Task description:
Copy, word for word, the lines below from the one containing "Get your materials" up to and including the one containing "Alteration of the", with pictures left out.

Dataset extract:
━━━━━━━━━━
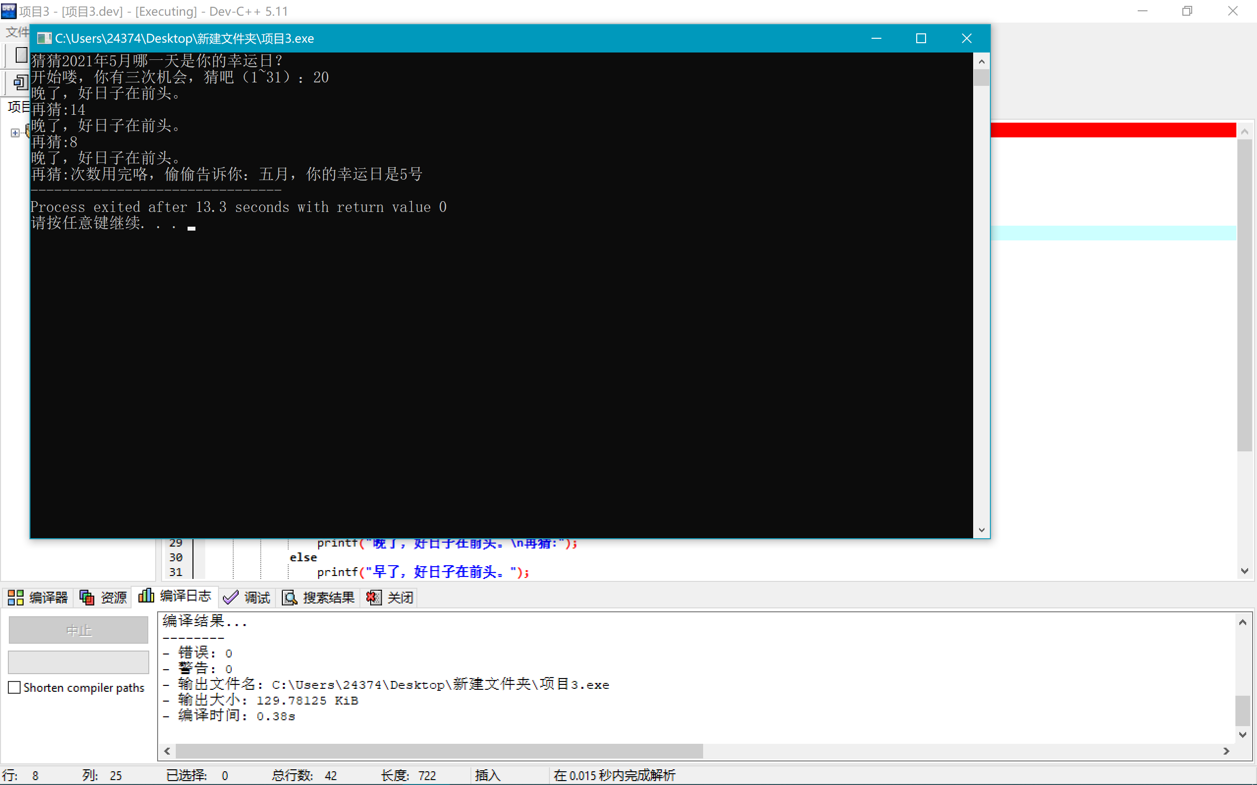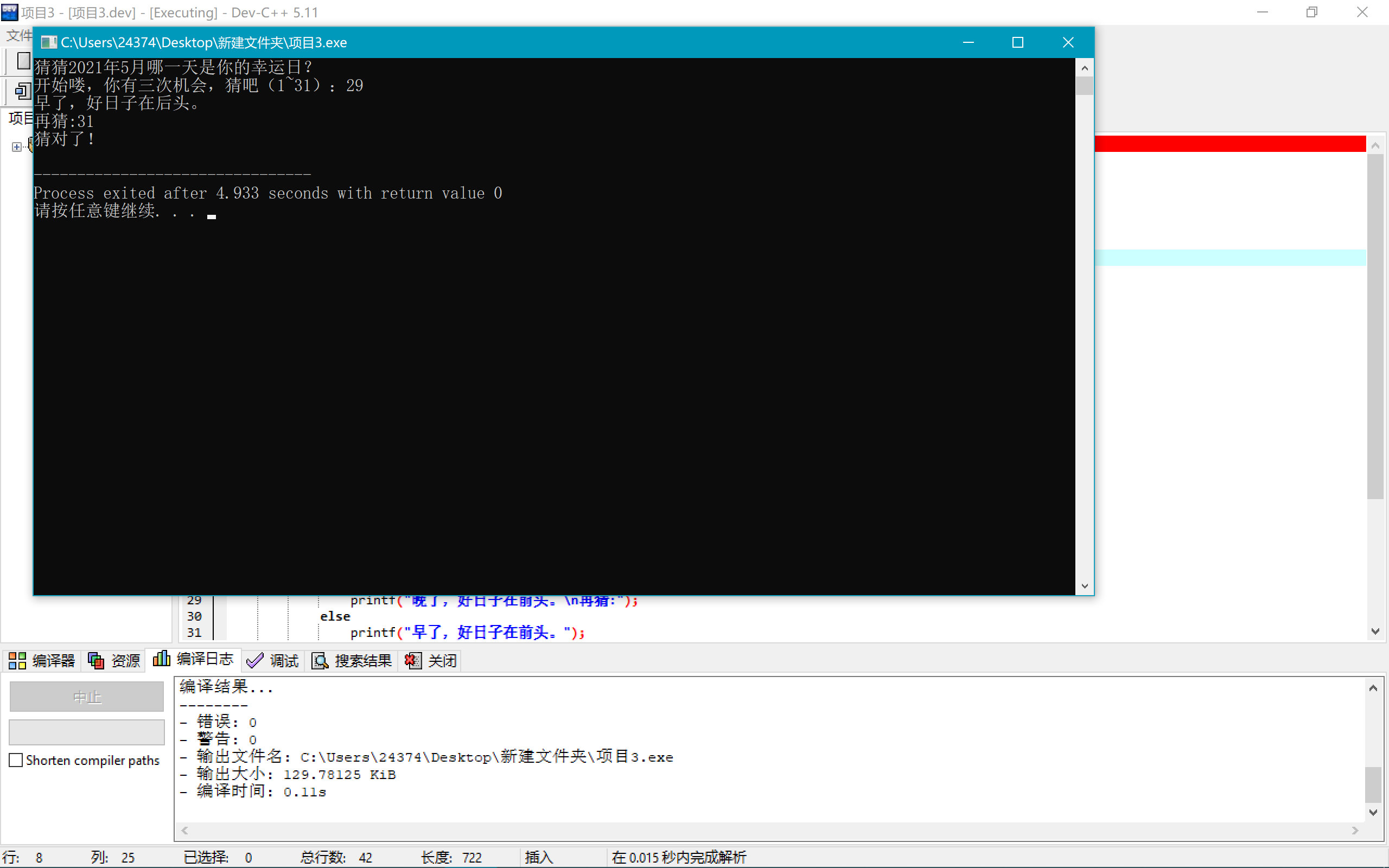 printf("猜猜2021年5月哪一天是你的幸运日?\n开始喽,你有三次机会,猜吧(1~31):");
━━━━━━━━━━
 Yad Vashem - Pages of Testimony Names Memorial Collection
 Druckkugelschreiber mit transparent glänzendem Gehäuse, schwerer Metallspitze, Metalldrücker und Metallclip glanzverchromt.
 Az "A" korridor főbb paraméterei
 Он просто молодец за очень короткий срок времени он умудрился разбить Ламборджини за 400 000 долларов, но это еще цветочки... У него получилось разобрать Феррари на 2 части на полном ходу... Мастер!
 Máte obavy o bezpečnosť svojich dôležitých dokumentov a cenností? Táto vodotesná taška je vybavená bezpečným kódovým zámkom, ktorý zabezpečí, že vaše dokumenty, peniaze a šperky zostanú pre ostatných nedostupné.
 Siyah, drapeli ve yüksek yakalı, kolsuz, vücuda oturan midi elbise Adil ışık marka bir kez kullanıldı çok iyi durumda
━━━━━━━━━━
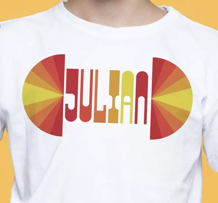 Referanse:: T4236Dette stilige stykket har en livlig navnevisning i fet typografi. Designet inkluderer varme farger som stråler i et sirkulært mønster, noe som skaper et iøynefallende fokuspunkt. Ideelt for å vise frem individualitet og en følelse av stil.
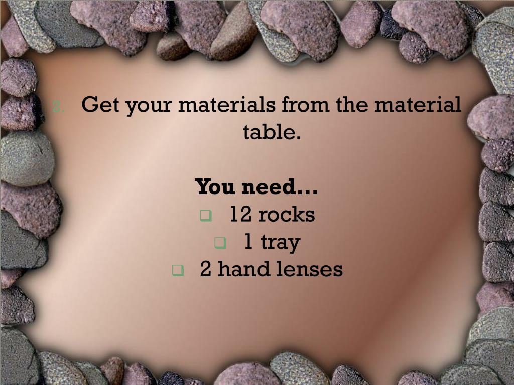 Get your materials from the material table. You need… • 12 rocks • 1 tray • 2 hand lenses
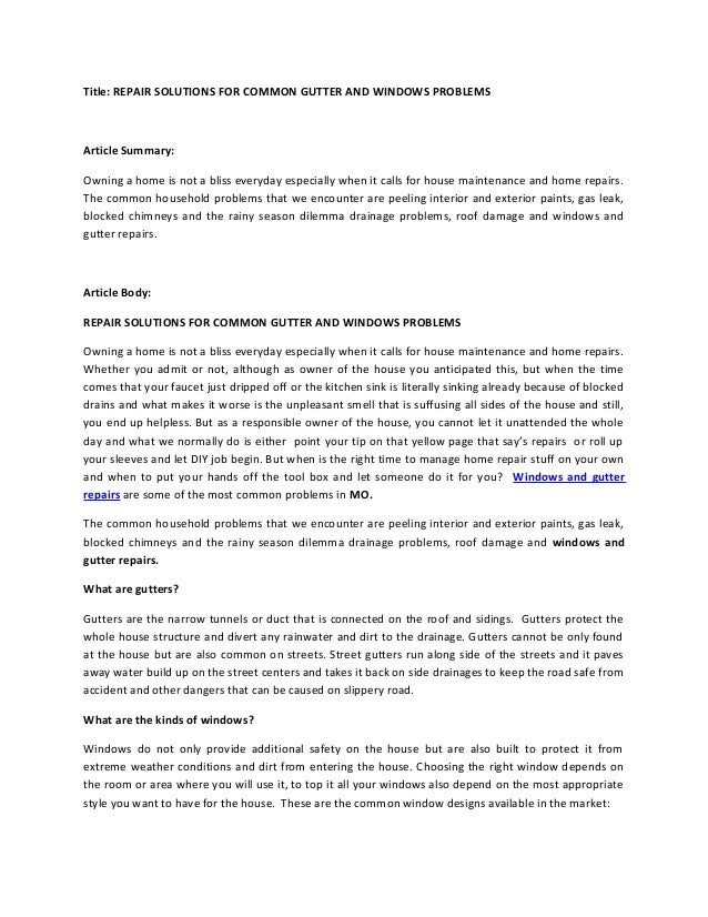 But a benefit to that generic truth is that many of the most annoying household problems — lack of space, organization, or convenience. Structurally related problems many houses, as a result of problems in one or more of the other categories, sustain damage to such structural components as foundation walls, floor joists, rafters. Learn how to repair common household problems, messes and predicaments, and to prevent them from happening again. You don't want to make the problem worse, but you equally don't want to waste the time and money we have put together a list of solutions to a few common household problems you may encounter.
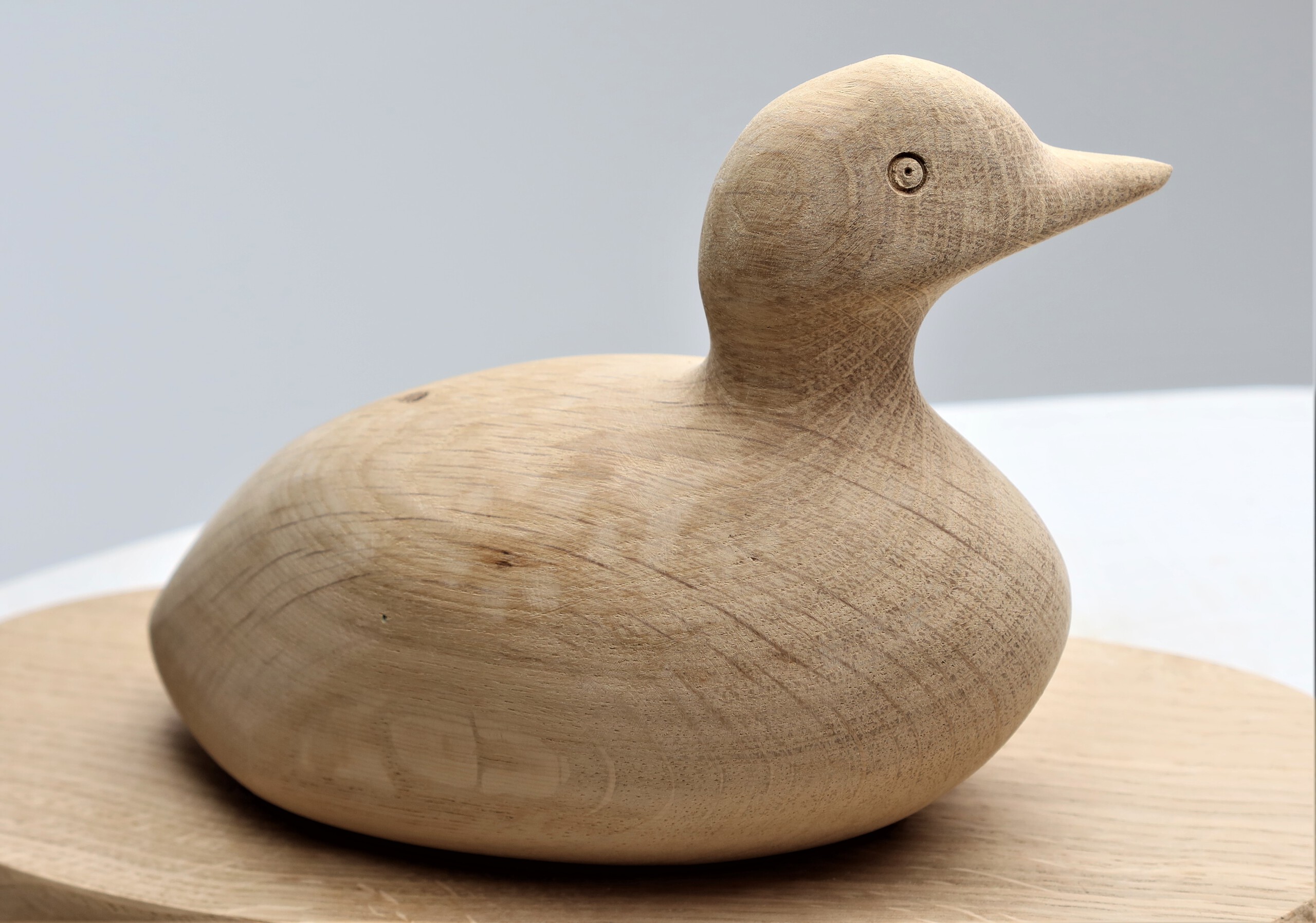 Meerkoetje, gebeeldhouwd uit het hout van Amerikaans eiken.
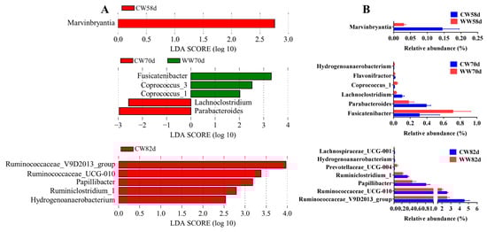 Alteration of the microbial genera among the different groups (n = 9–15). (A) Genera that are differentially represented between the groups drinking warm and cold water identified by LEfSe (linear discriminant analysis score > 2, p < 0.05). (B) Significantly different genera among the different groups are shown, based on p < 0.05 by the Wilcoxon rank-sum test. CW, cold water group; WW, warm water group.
━━━━━━━━━━
Response:
 Get your materials from the material table. You need… • 12 rocks • 1 tray • 2 hand lenses
 But a benefit to that generic truth is that many of the most annoying household problems — lack of space, organization, or convenience. Structurally related problems many houses, as a result of problems in one or more of the other categories, sustain damage to such structural components as foundation walls, floor joists, rafters. Learn how to repair common household problems, messes and predicaments, and to prevent them from happening again. You don't want to make the problem worse, but you equally don't want to waste the time and money we have put together a list of solutions to a few common household problems you may encounter.
 Meerkoetje, gebeeldhouwd uit het hout van Amerikaans eiken.
 Alteration of the microbial genera among the different groups (n = 9–15). (A) Genera that are differentially represented between the groups drinking warm and cold water identified by LEfSe (linear discriminant analysis score > 2, p < 0.05). (B) Significantly different genera among the different groups are shown, based on p < 0.05 by the Wilcoxon rank-sum test. CW, cold water group; WW, warm water group.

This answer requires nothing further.